DATASET RECORDS section start

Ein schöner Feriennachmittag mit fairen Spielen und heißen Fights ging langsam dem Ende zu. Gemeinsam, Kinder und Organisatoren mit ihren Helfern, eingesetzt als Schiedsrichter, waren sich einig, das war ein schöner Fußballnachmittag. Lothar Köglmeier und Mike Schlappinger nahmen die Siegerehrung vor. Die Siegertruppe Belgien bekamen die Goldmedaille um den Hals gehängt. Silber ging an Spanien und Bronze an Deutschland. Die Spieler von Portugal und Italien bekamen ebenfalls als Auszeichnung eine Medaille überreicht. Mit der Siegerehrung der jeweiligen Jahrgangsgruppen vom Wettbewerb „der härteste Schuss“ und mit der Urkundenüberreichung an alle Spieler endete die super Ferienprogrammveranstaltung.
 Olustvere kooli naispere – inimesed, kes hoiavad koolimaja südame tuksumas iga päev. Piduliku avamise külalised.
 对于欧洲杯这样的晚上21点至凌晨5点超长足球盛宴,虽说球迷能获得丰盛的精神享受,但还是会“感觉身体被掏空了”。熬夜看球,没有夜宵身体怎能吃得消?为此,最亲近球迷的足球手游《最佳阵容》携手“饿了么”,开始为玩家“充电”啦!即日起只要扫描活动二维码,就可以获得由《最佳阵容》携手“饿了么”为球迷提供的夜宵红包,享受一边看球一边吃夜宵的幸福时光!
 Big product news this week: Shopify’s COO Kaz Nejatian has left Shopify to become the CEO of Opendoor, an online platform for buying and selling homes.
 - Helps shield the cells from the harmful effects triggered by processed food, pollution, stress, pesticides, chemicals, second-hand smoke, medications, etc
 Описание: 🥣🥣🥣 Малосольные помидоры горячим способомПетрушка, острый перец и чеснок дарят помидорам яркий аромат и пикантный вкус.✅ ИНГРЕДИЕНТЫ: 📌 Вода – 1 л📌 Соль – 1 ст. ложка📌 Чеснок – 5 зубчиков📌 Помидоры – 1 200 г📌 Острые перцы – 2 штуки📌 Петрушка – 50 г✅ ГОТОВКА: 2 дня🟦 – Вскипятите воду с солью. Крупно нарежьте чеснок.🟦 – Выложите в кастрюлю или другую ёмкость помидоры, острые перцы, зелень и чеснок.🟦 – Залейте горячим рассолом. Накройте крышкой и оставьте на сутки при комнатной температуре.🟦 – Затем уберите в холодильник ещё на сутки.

DATASET RECORDS section end
DATASET RECORDS section start

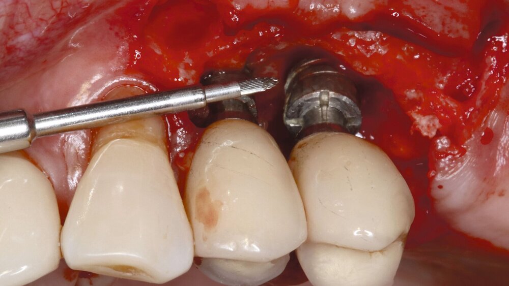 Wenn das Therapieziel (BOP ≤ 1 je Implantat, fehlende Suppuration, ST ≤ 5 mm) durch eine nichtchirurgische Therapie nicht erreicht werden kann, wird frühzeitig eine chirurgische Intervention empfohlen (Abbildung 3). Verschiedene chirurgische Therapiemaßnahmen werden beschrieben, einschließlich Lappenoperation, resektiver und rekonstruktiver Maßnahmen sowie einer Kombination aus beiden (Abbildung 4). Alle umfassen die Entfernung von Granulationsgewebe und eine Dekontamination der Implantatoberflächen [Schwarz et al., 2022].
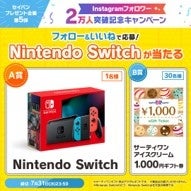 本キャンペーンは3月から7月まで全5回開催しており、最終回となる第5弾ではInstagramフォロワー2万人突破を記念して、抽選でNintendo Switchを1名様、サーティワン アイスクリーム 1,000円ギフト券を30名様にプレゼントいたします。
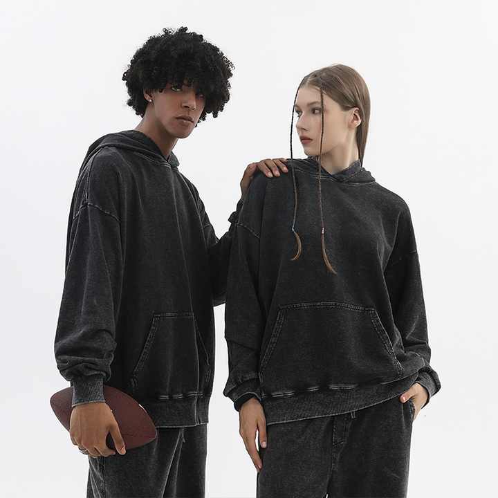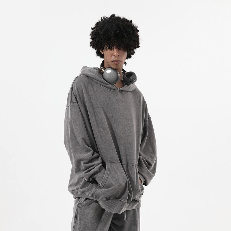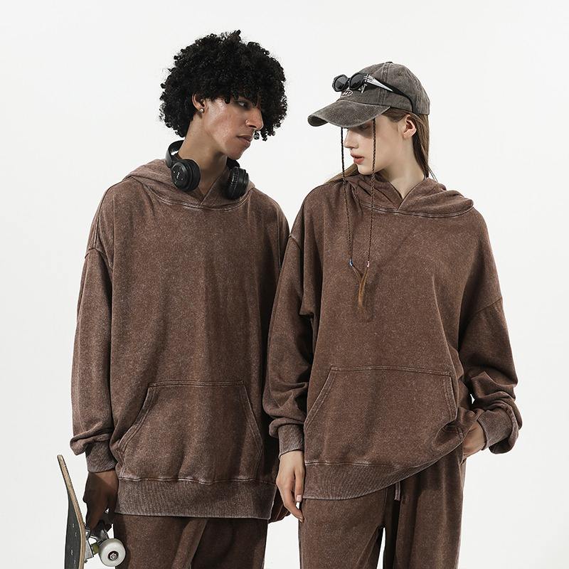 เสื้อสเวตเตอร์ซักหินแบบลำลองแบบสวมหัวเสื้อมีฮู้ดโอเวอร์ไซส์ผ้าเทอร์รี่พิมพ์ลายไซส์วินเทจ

DATASET RECORDS section end

PROBLEM DETAILS>
From the records above, extract exactly and only the lines that begin at the line with "对于欧洲杯这样的晚上21点至" and stop after the line with "- Helps shield".

RESPONSE FOR THIS EXERCISE>
 对于欧洲杯这样的晚上21点至凌晨5点超长足球盛宴,虽说球迷能获得丰盛的精神享受,但还是会“感觉身体被掏空了”。熬夜看球,没有夜宵身体怎能吃得消?为此,最亲近球迷的足球手游《最佳阵容》携手“饿了么”,开始为玩家“充电”啦!即日起只要扫描活动二维码,就可以获得由《最佳阵容》携手“饿了么”为球迷提供的夜宵红包,享受一边看球一边吃夜宵的幸福时光!
 Big product news this week: Shopify’s COO Kaz Nejatian has left Shopify to become the CEO of Opendoor, an online platform for buying and selling homes.
 - Helps shield the cells from the harmful effects triggered by processed food, pollution, stress, pesticides, chemicals, second-hand smoke, medications, etc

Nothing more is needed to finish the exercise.